The software which ran in the Lunar Module AGCs for Apollo
lunar landing missions was called LUMINARY, and in its final
form (version 210) used on Apollo 15, 16, and 17, consisted
of around 36,000 lines of code (a mix of assembly language
and interpretive code which implemented high-level operations),
of which Don Eyles wrote in excess of 2,200 lines, responsible
for the lunar landing from the start of braking from lunar
orbit through touchdown on the Moon. This was by far the most
dynamic phase of an Apollo mission, and the most demanding on
the limited resources of the AGC, which was pushed to around
90% of its capacity during the final landing phase where the
astronauts were selecting the landing spot and guiding the
Lunar Module toward a touchdown. The margin was razor-thin,
and that's assuming everything went as planned. But this was
not always the case.
It was when the unexpected happened that the genius of the AGC
software and its ability to make the most of the severely
limited resources at its disposal became apparent. As Apollo 11
approached the lunar surface, a series of five program alarms:
codes 1201 and 1202, interrupted the display of altitude and
vertical velocity being monitored by Buzz Aldrin and read off
to guide Neil Armstrong in flying to the landing spot. These
codes both indicated out-of-memory conditions in the AGC's
scarce read-write memory. The 1201 alarm was issued when
all five of the 44-word vector accumulator (VAC) areas were in use
when another program requested to use one, and 1202 signalled
exhaustion of the eight 12-word core sets required by
each running job. The computer had a single processor and
could execute only one task at a time, but its operating system
allowed lower priority tasks to be interrupted in order to
service higher priority ones, such as the time-critical autopilot
function and reading the inertial platform every two seconds.

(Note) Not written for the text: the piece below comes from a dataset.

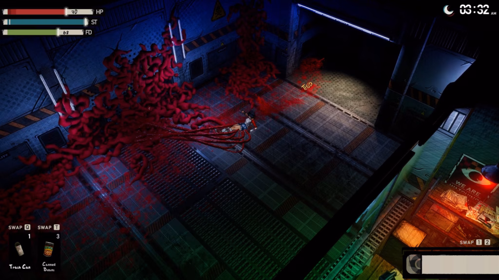 Die Demo führte mich in einen dreistöckigen, atmosphärisch dichten Dungeon, der mit seiner düsteren Stimmung sofort unter die Haut ging. Der Grafikstil ist ein absoluter Hingucker: Knallige Farben, Retro-Flair und eine Prise Camp-Gore vereinen sich zu einem Look, der an die Kultserie Stranger Things erinnert. Besonders genial fand ich die audiovisuelle Darstellung von Geräuschen – ein zentrales Element des Spiels. Beim normalen Laufen erscheint das Wort „Thud“ auf dem Bildschirm; beim Schleichen wird es kleiner, um die reduzierte Geräuschkulisse zu zeigen. In einer Welt, in der viele Gegner dich per Sound orten, ist diese Mechanik nicht nur clever, sondern überlebenswichtig. Laufen wir über Glas dann sehen und hören wir ein „Crunch“ und wenn wir einen Schuss abgeben, dann kommt natürlich ein „Bang“.

Each suspended lower-priority job used up a core set and,
if it employed the interpretive mathematics library, a VAC,
so exhaustion of these resources usually meant the computer was
trying to do too many things at once. Task priorities
were assigned so the most critical functions would be completed
on time, but computer overload signalled something seriously
wrong—a condition in which it was impossible to guarantee
all essential work was getting done.
In this case, the computer would throw up its hands, issue a
program alarm, and restart. But this couldn't be a lengthy
reboot like customers of personal computers with millions of
times the AGC's capacity tolerate half a century later. The
critical tasks in the AGC's software incorporated restart
protection, in which they would frequently checkpoint their
current state, permitting them to resume almost instantaneously
after a restart. Programmers estimated around 4% of the AGC's
program memory was devoted to restart protection, and some
questioned its worth. On Apollo 11, it would save the landing
mission.
Shortly after the Lunar Module's landing radar locked onto
the lunar surface, Aldrin keyed in the code to monitor its
readings and immediately received a 1202 alarm: no core sets
to run a task; the AGC restarted. On the communications
link Armstrong called out “It's a 1202.” and
Aldrin confirmed “1202.”. This was followed by
fifteen seconds of silence on the “air to ground”
loop, after which Armstrong broke in with “Give us a
reading on the 1202 Program alarm.” At this point,
neither the astronauts nor the support team in Houston
had any idea what a 1202 alarm was or what it might mean
for the mission. But the nefarious simulation supervisors
had cranked in such “impossible” alarms in
earlier training sessions, and controllers had developed
a rule that if an alarm was infrequent and the Lunar Module
appeared to be flying normally, it was not a reason to abort the
descent.
At the Instrumentation Laboratory in Cambridge, Massachusetts,
Don Eyles and his colleagues knew precisely what a 1202 was and
found it was deeply disturbing. The AGC software had been
carefully designed to maintain a 10% safety margin under the
worst case conditions of a lunar landing, and 1202 alarms had
never occurred in any of their thousands of simulator runs using
the same AGC hardware, software, and sensors as Apollo 11's
Lunar Module. Don Eyles' analysis, in real time, just after a
second 1202 alarm occurred thirty seconds later, was:
Again our computations have been flushed and the LM is still flying. In Cambridge someone says, “Something is stealing time.” … Some dreadful thing is active in our computer and we do not know what it is or what it will do next. Unlike Garman [AGC support engineer for Mission Control] in Houston I know too much. If it were in my hands, I would call an abort.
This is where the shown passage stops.